§ HOW TO COMPLETE THIS TASK:
What is needed is an exact repetition of the lines from the first one in the data through the line with "Hier finden Sie", with no pictures.

§ AVAILABLE DATA:

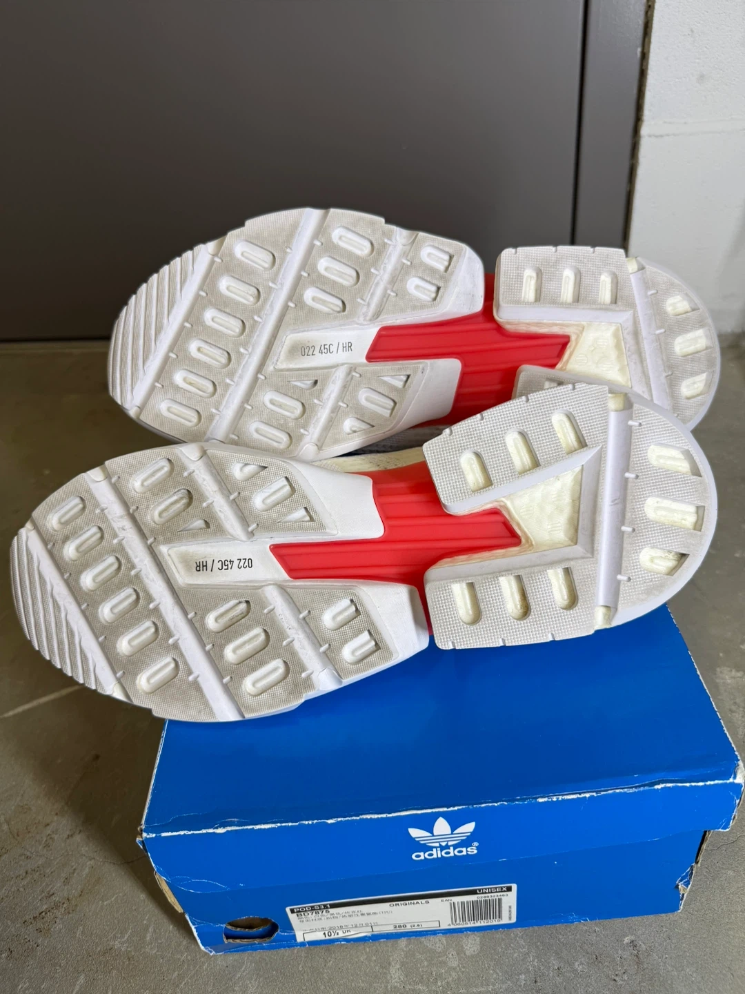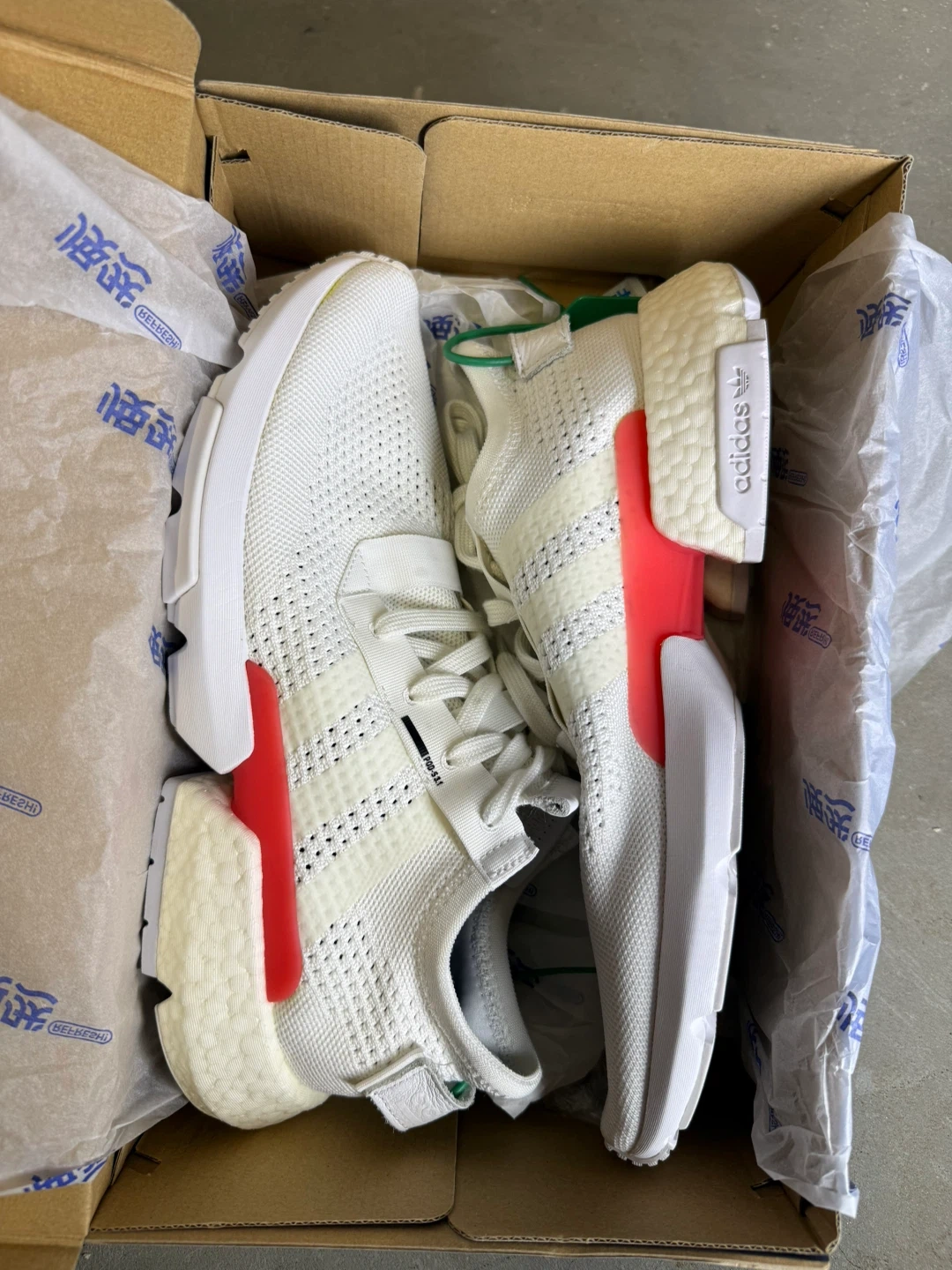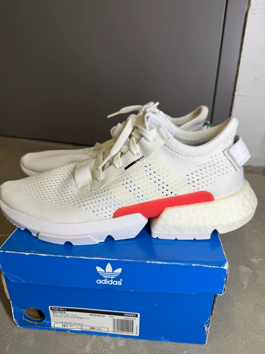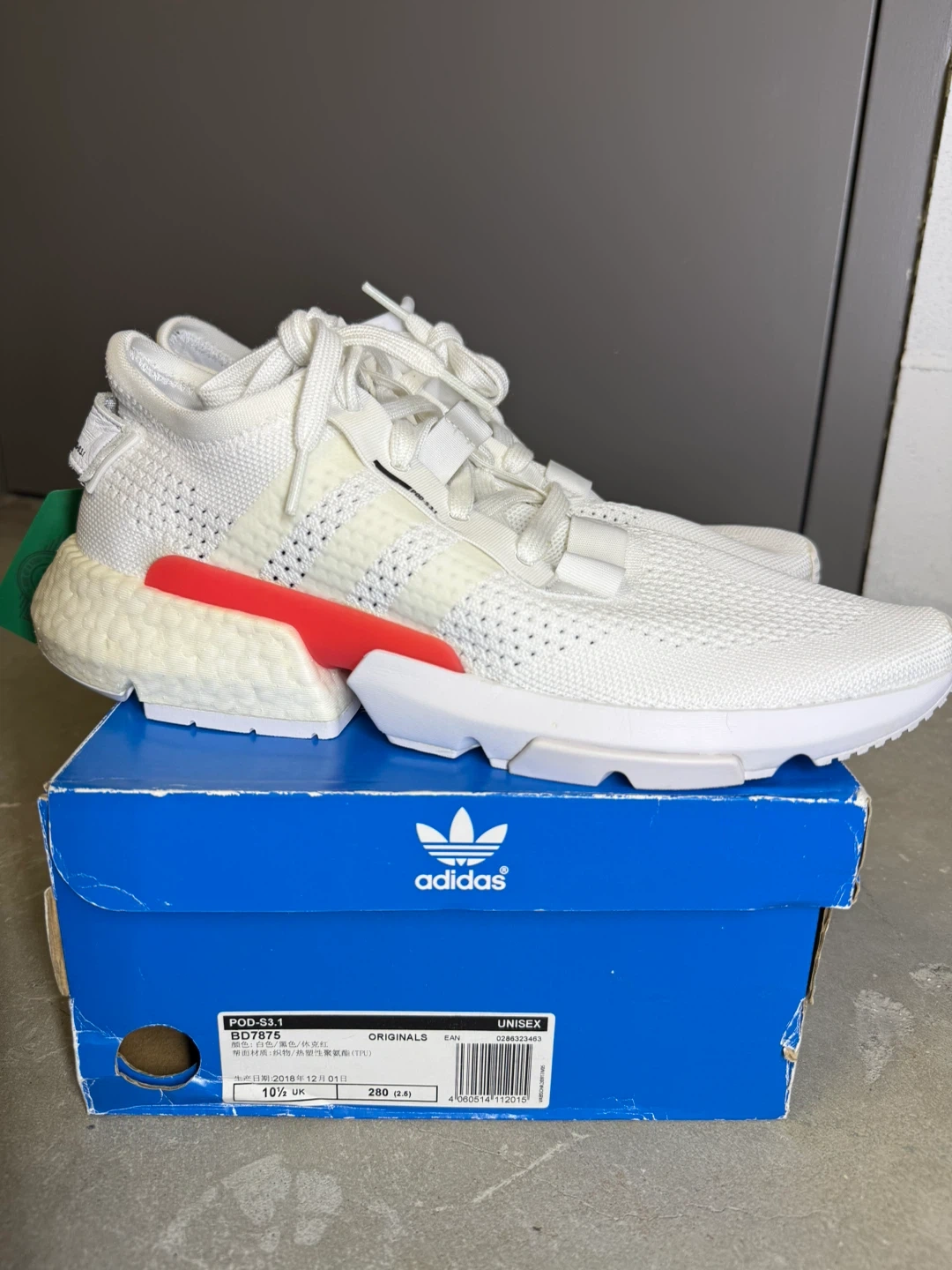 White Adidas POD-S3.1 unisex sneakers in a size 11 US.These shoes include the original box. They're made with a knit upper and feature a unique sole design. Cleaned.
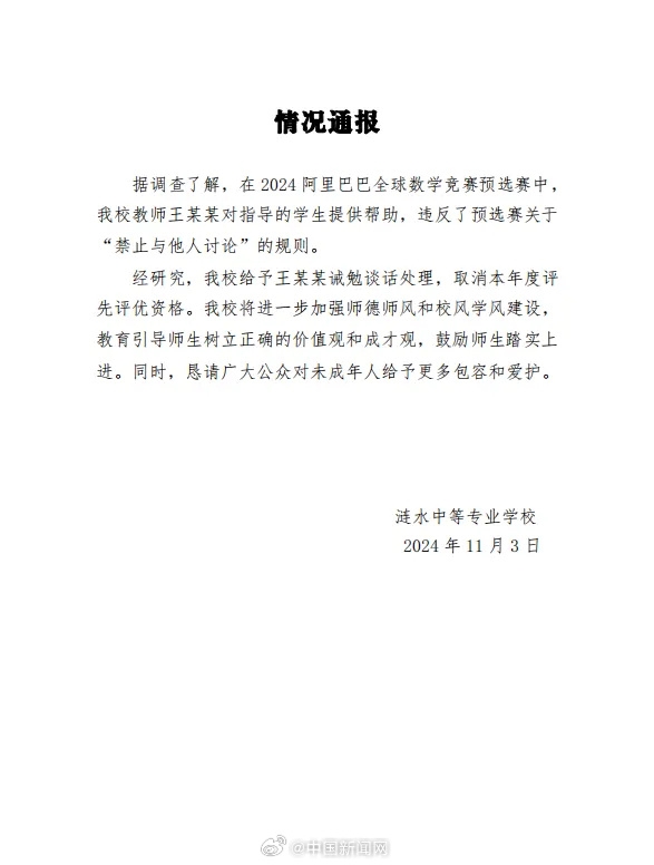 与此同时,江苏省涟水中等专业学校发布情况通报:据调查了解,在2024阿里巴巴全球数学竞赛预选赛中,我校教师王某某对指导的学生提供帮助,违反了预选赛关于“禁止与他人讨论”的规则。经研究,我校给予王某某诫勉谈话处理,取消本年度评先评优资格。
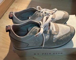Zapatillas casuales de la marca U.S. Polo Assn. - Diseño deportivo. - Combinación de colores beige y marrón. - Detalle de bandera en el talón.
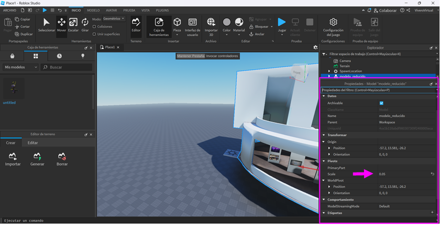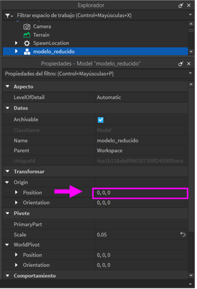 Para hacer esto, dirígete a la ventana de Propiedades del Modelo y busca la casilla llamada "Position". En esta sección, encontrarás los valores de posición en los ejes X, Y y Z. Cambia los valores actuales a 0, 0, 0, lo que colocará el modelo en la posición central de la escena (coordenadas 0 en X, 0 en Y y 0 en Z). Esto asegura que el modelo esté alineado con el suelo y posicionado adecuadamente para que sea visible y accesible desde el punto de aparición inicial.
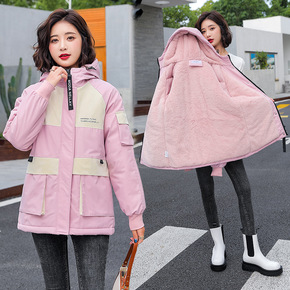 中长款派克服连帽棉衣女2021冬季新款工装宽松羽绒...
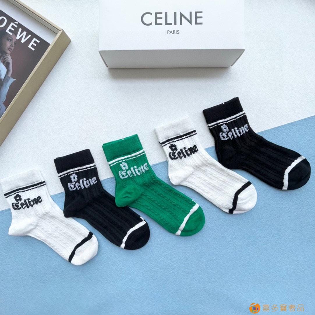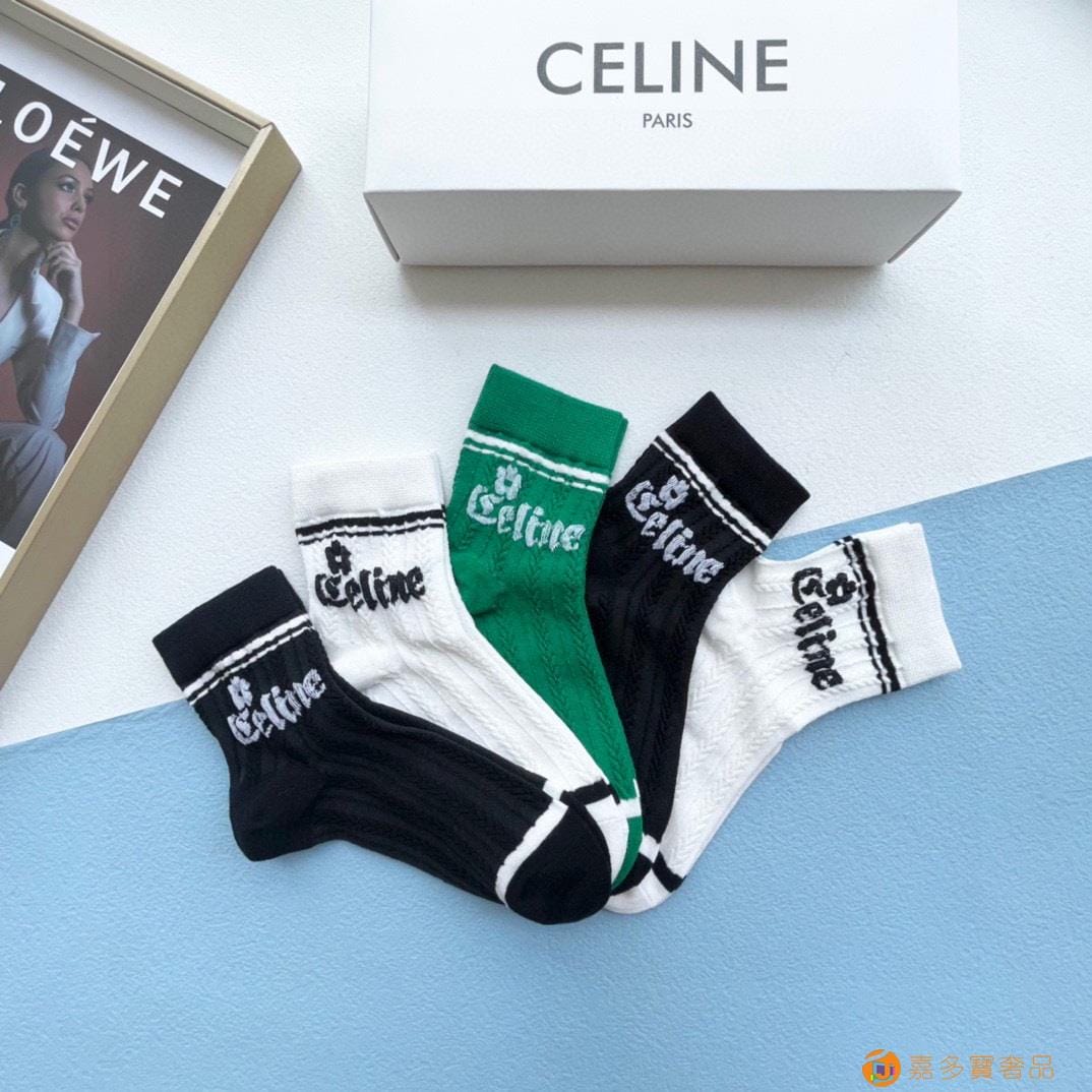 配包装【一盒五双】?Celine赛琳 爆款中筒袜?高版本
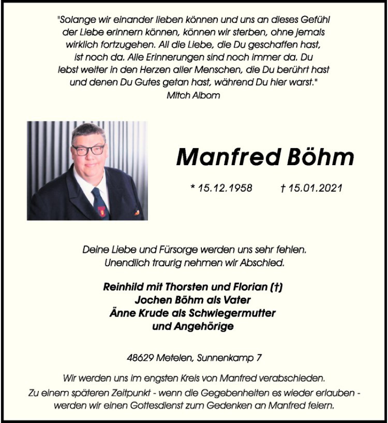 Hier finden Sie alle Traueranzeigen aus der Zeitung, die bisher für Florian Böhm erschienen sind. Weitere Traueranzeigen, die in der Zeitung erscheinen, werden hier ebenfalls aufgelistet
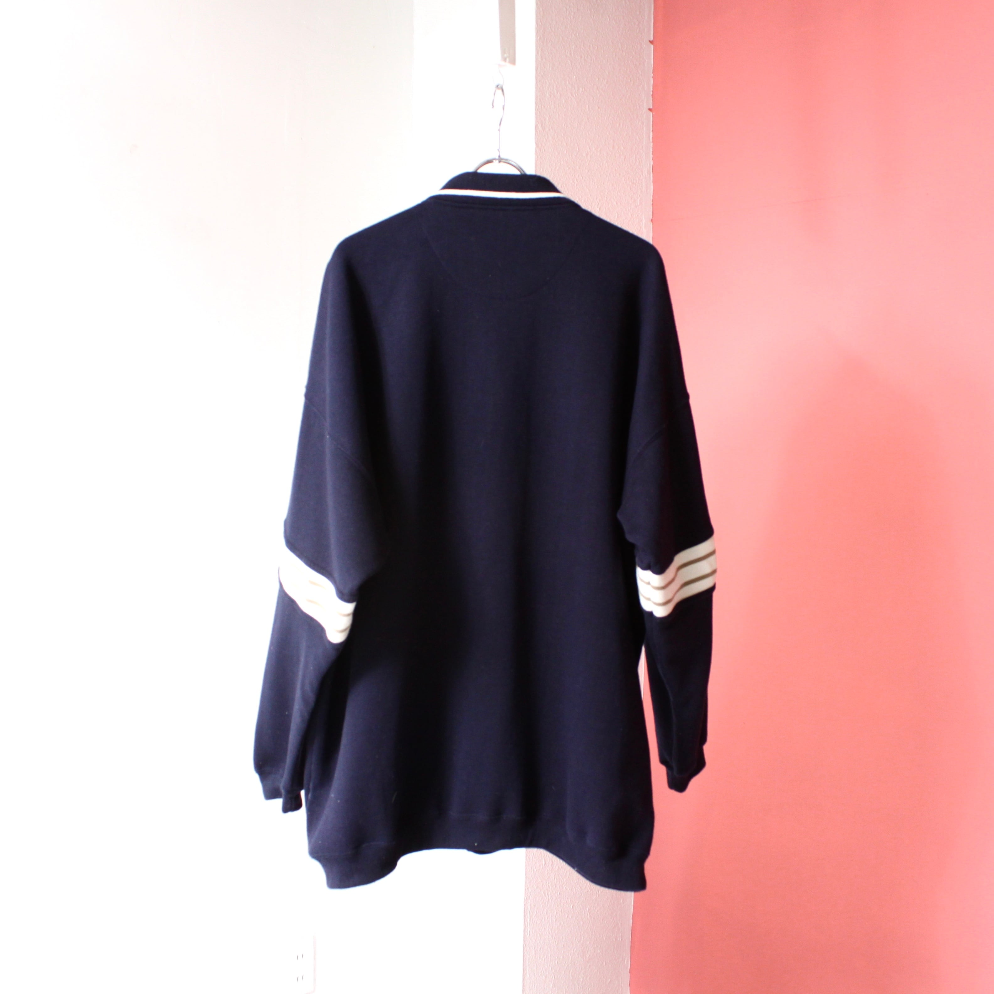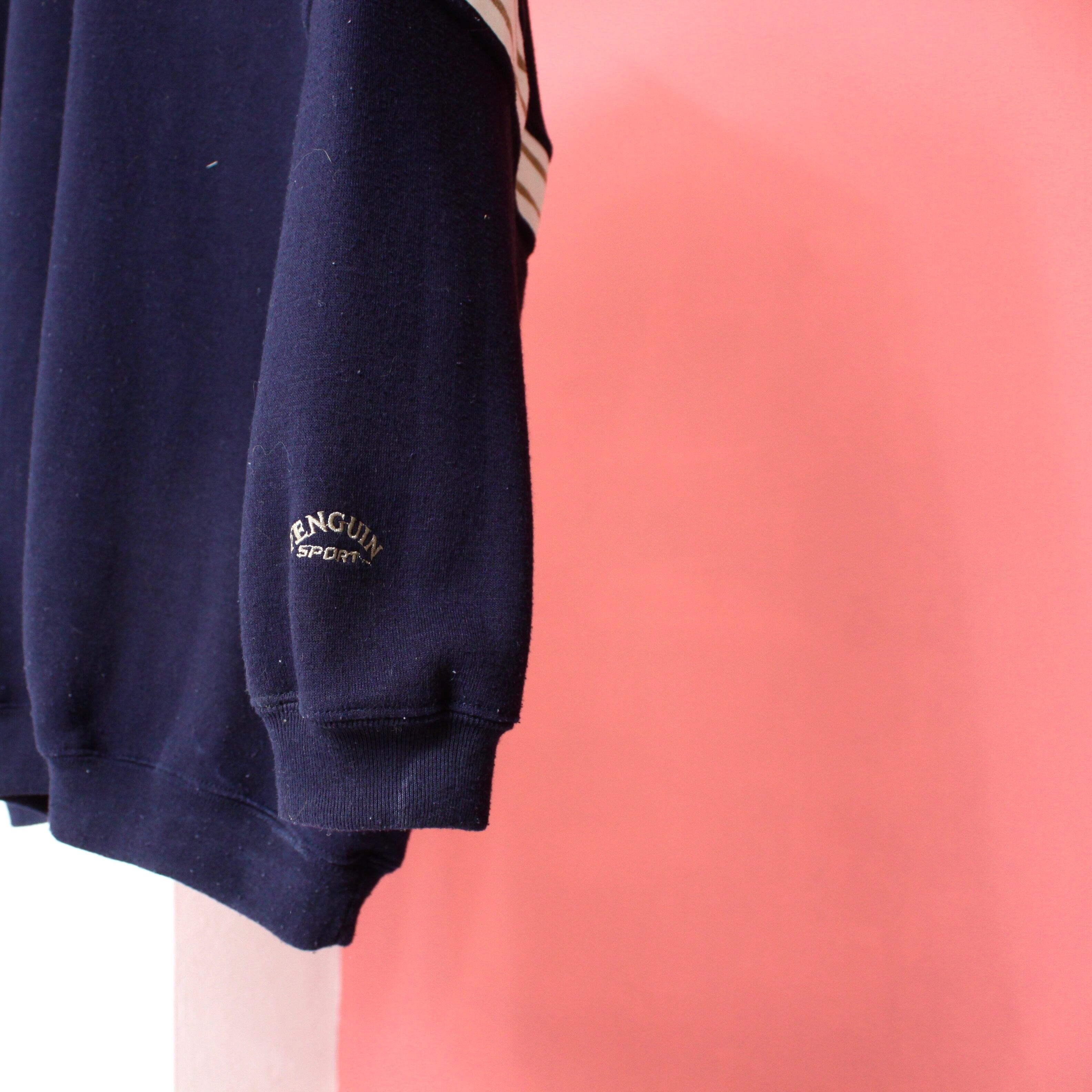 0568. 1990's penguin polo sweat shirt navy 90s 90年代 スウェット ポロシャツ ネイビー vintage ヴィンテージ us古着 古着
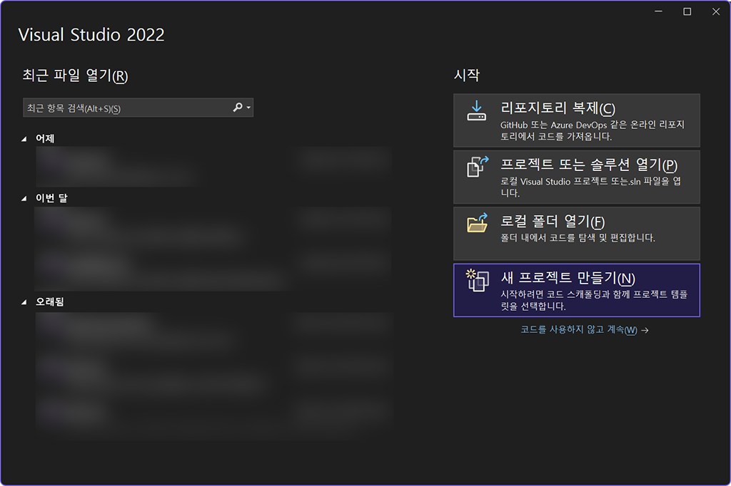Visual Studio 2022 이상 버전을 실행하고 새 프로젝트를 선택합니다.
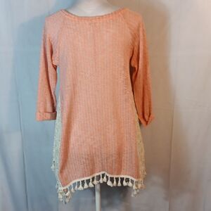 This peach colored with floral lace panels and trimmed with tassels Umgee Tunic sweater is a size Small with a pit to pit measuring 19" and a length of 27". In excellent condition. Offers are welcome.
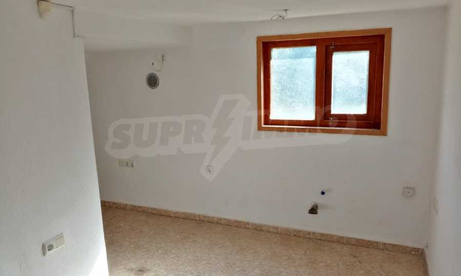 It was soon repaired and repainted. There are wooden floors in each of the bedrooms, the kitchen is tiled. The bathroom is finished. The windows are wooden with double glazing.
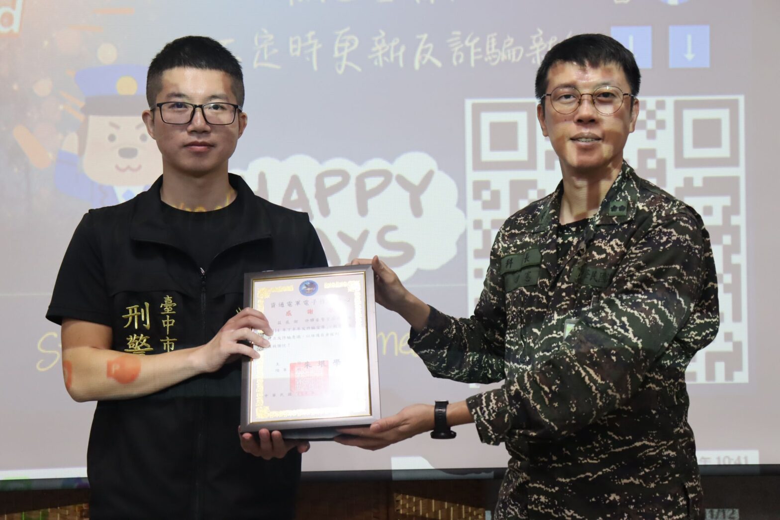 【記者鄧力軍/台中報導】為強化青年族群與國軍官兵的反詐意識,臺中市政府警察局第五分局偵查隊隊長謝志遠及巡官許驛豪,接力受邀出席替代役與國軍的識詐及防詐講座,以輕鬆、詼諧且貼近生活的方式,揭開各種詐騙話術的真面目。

§ RESPONSE BOX:
 White Adidas POD-S3.1 unisex sneakers in a size 11 US.These shoes include the original box. They're made with a knit upper and feature a unique sole design. Cleaned.
 与此同时,江苏省涟水中等专业学校发布情况通报:据调查了解,在2024阿里巴巴全球数学竞赛预选赛中,我校教师王某某对指导的学生提供帮助,违反了预选赛关于“禁止与他人讨论”的规则。经研究,我校给予王某某诫勉谈话处理,取消本年度评先评优资格。
Zapatillas casuales de la marca U.S. Polo Assn. - Diseño deportivo. - Combinación de colores beige y marrón. - Detalle de bandera en el talón.
 Para hacer esto, dirígete a la ventana de Propiedades del Modelo y busca la casilla llamada "Position". En esta sección, encontrarás los valores de posición en los ejes X, Y y Z. Cambia los valores actuales a 0, 0, 0, lo que colocará el modelo en la posición central de la escena (coordenadas 0 en X, 0 en Y y 0 en Z). Esto asegura que el modelo esté alineado con el suelo y posicionado adecuadamente para que sea visible y accesible desde el punto de aparición inicial.
 中长款派克服连帽棉衣女2021冬季新款工装宽松羽绒...
 配包装【一盒五双】?Celine赛琳 爆款中筒袜?高版本
 Hier finden Sie alle Traueranzeigen aus der Zeitung, die bisher für Florian Böhm erschienen sind. Weitere Traueranzeigen, die in der Zeitung erscheinen, werden hier ebenfalls aufgelistet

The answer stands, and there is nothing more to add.